BILLET | De la peur sans films d’horreur

A une époque où, à en croire Internet, le monde entier semble animé par le courage, l’esprit d’aventure, une détermination sans faille face aux obstacles, un intellect ambitieux et un désir d’entrepreneuriat aiguisé dès l’âge de douze ans; à une époque où les articles appelant à sortir de sa zone de confort fleurissent comme des pâquerettes sur une pelouse sauvage et où les vidéastes font la promotion du miracle du bulletjournal pour se forcer à foncer toujours plus en avant et braver ses appréhensions; à mon époque, je me sens, en comparaison, la pire des pétochardes.

Aussi loin que mes souvenirs remontent, je n’ai jamais été habitée par une âme guerrière, ni même aventurière.

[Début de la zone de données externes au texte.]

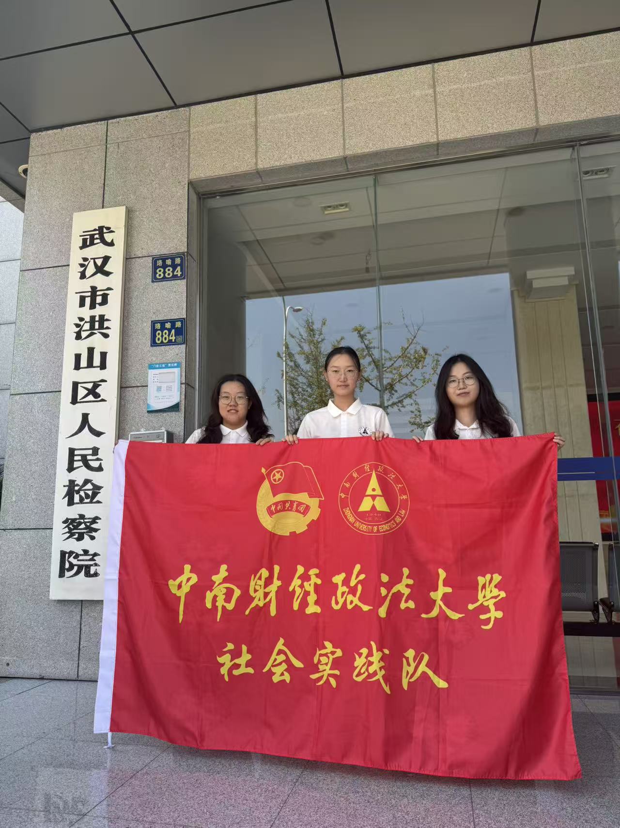 圖為實(shí)踐隊(duì)成員在武漢市洪山區(qū)人民檢察院前的合影 (王靜茹攝)
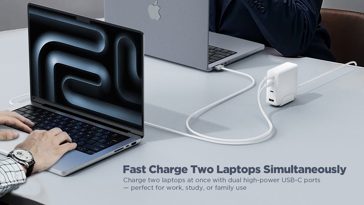 • Porter: 3 × USB-C og 1 × USB-A. Strømkabel (1,5 m) inkludert.
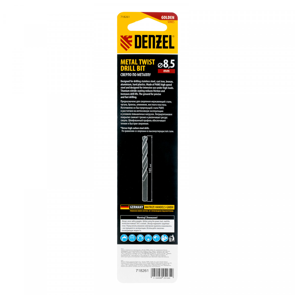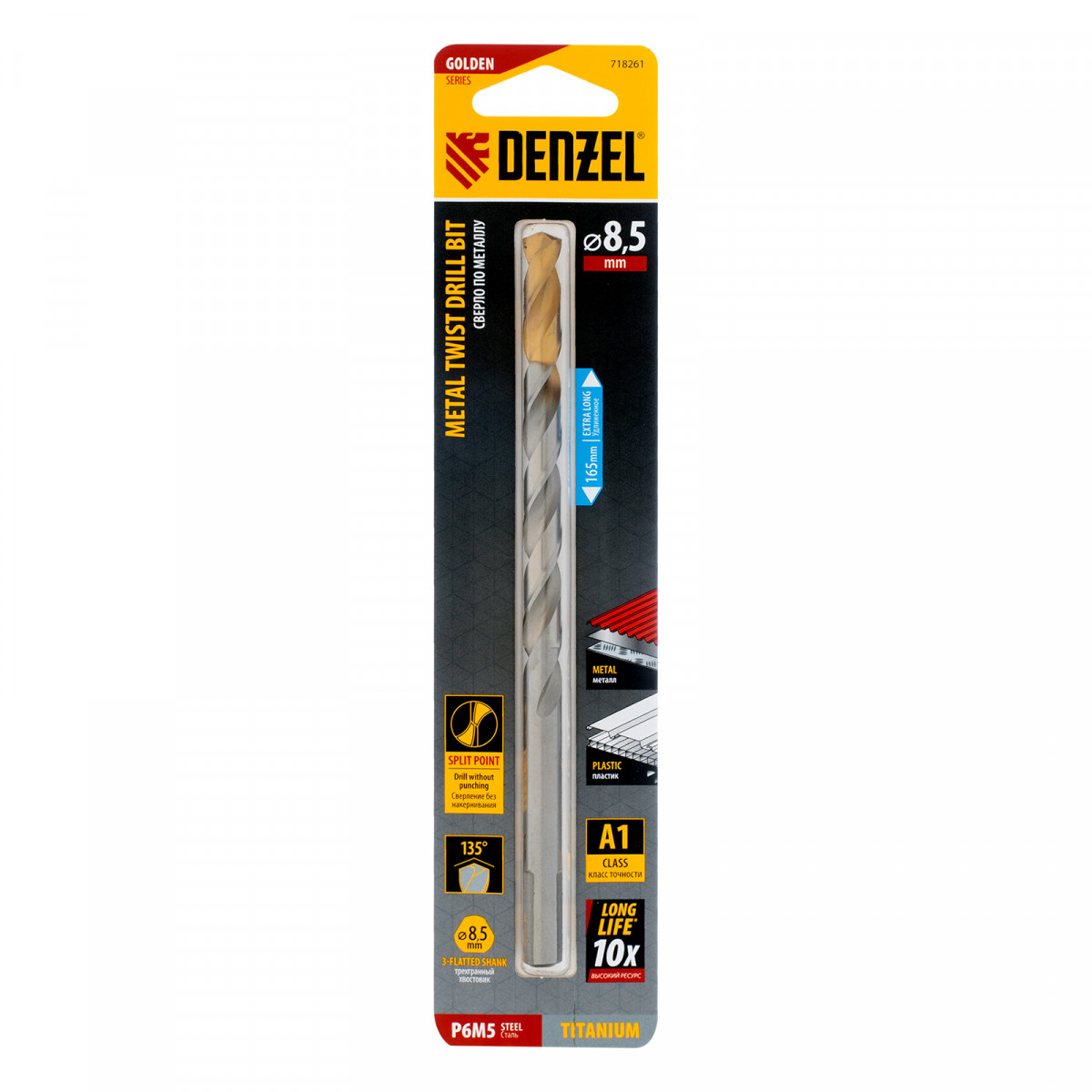 Сверло спиральное по металлу 8,5 х 165 мм, Р6М5, Golden Tip, удлиненное Denzel
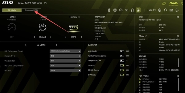微星主板开启一键D5优化功能也很简单,按F7或者点击Advanced选项进入高级设置。
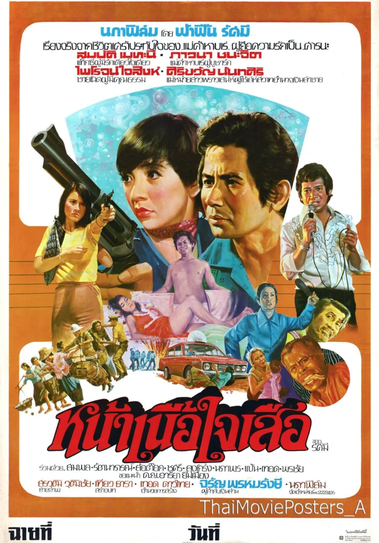 หน้าเนื้อใจเสือ (2520/1977) เรื่องจริงจากชีวิตเศร้าประทับใจของแม่ค้าหาบเร่ ผู้ถือความรักเป็นสรณะ(แอ๊ด สมบัติ เมทะนี) แท็กซี่ผู้มีรักเดียวใจเดียว (ภาวนา ชนะจิต) แม่ค้าหาบเร่ผู้บูชาความรัก (ไพโรจน์ ใจสิงห์) ชายโฉดผู้มีคุณธรรม ศิริขวัญ นันทศิริ แม่หม้ายสาวพราวเสน่ห์ผู้ใช้เล่ห์สวาทอำนาจเงินล่าชาย ชื่อ : หน้าเนื้อใจเสือ Name : - ผลิตโดย/จัดจำหน่าย : วันที่เข้าฉาย : 21 พฤษภาคม 2520 หน้าเนื้อใจเสือ (2520) ใบปิดวาดโดย ทองดี ภานุมาศ *ที่มา :Thai Movie Posters
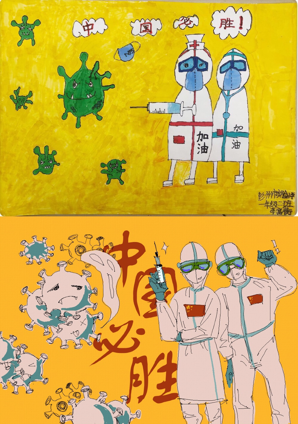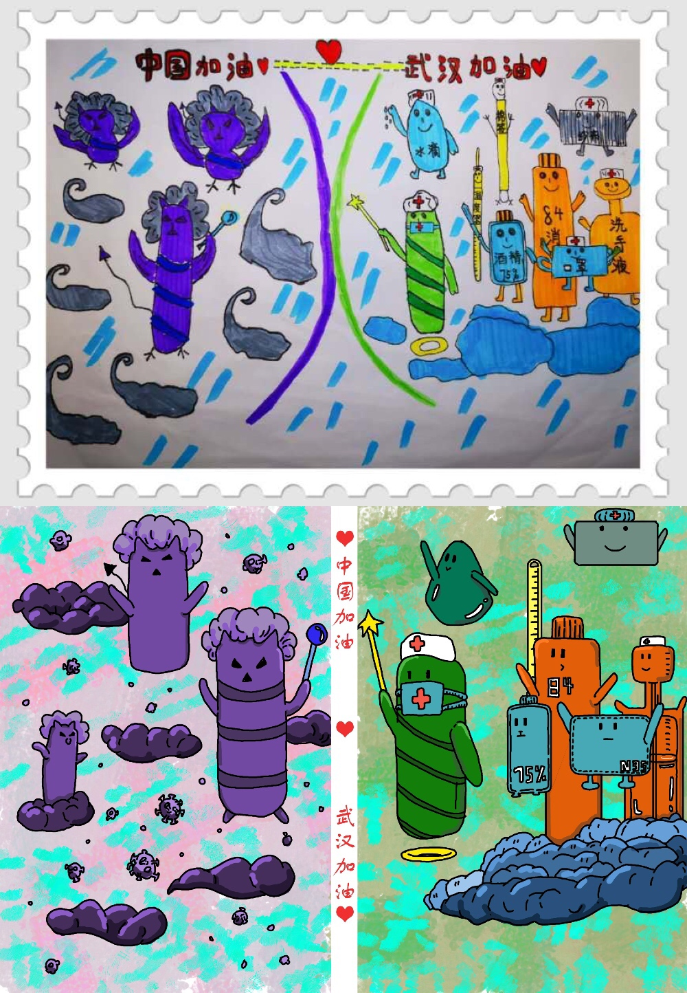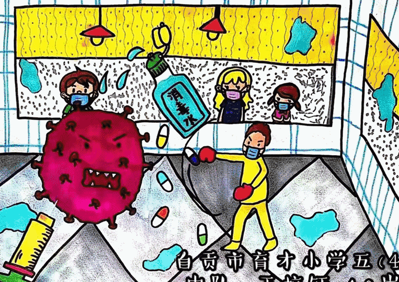 她说,小画家在作品中大胆想象了多种“解药”及治疗机制,艺术化地呈现了童心中的“科学战疫”;清晰明了的构图,大胆的色彩选用,搭配出了小朋友丰富的内心世界。

J’ai certes escaladé quelques arbres pour atteindre des cabanes en bois ou fait des parties de cache-cache dans des champs de maïs, pour autant, la nuit je craignais qu’un monstre sorte de mon livre de contes si je ne rangeais pas ce dernier en dehors de mon champ de vision. L’adrénaline et moi étions, et sommes toujours, de vagues connaissances. Alors non, je ne suis pas bien courageuse mais j’ai mes excuses !

Comme chacun, j’ai expérimenté les peurs primaires et enfantines que sont la peur de l’abandon, la peur du noir, la peur d’être dévorée par un monstre multicolore tapi sous mon petit lit, la peur de la mort de mon chien ou encore celle de ne pas savoir quand je pourrais me rendre aux toilettes durant la sortie scolaire. Ces peurs sont finalement celles auxquelles nous renvoient les films d’horreur – exceptée la pause pipi – et c’est en cela qu’elles nous parlent à tous, mais, même si j’angoisse toujours à l’idée qu’il n’y ait pas de WC quand j’en ai besoin, ces cauchemars m’ont quitté et je vis très bien la tombée de la nuit dans mon appartement si chaleureux qu’il est impossible d’y suspecter la présence du moindre monstre – hormis mon chat en plein quart d’heure de folie. Les films d’horreur sont un divertissement amusant depuis ma pré-adolescence, aussi, mon caractère poltron remonte, en réalité, à une époque bien plus récente.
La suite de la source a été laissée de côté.